Fine and gross motor skills differ between healthy-weight and obese children.
Obese children show fine-motor deficits, not just gross-motor delays, so include precision tasks in motor assessments.
01Research in Context
What this study did
Gentier et al. (2013) compared motor skills in healthy-weight and obese children. They used standard tests for fine and gross movement. Kids were neurotypical and school age.
What they found
Obese children scored lower on most gross-motor tasks. They also lagged on fine-motor tasks like bead threading and drawing. The gap was clear, not borderline.
How this fits with other research
Wagner et al. (2011) saw the same pattern two years earlier: obese teens had higher risk of severe coordination disorder. The new study shows the problem starts younger.
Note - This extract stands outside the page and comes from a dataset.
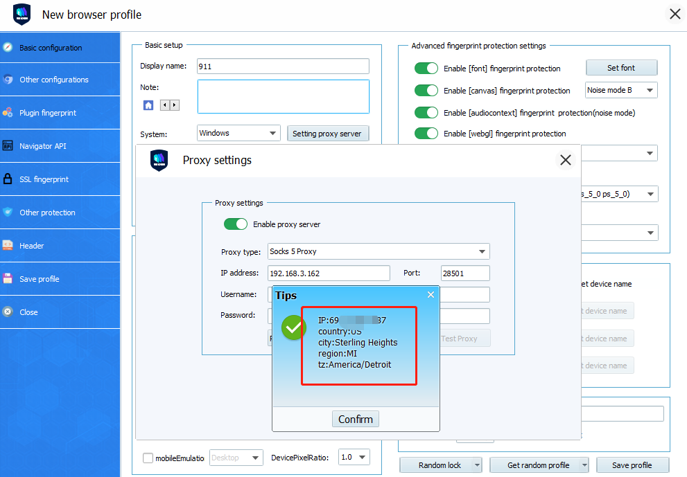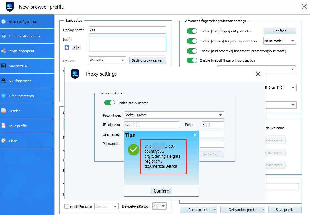 6.Click “Test Proxy”, and after the test, related IP information will prompt up. Then save the settings, you can launch the profile to open the browser to test the socks5 proxy.

Petrovic et al. (2016) looks like a contradiction. In their sample, kids with ADHD had lower overweight rates than controls. The twist: their ADHD group still had motor problems, but weight stayed down. Method matters—Ilse studied neurotypical kids only, while B et al. mixed ADHD status.
Gentier et al. (2013) also ran a reaction-time follow-up. Same kids, same obesity link: slower and more cautious responses. Together, the papers build a picture that extra weight touches both quick moves and precise moves.
Why it matters
Add fine-motor items to every motor screen for obese clients. Tasks like coin stacking or tweezing pom-poms reveal hidden deficits that gross-motor checklists miss. Share the data with parents to justify both movement and precision goals in the same plan.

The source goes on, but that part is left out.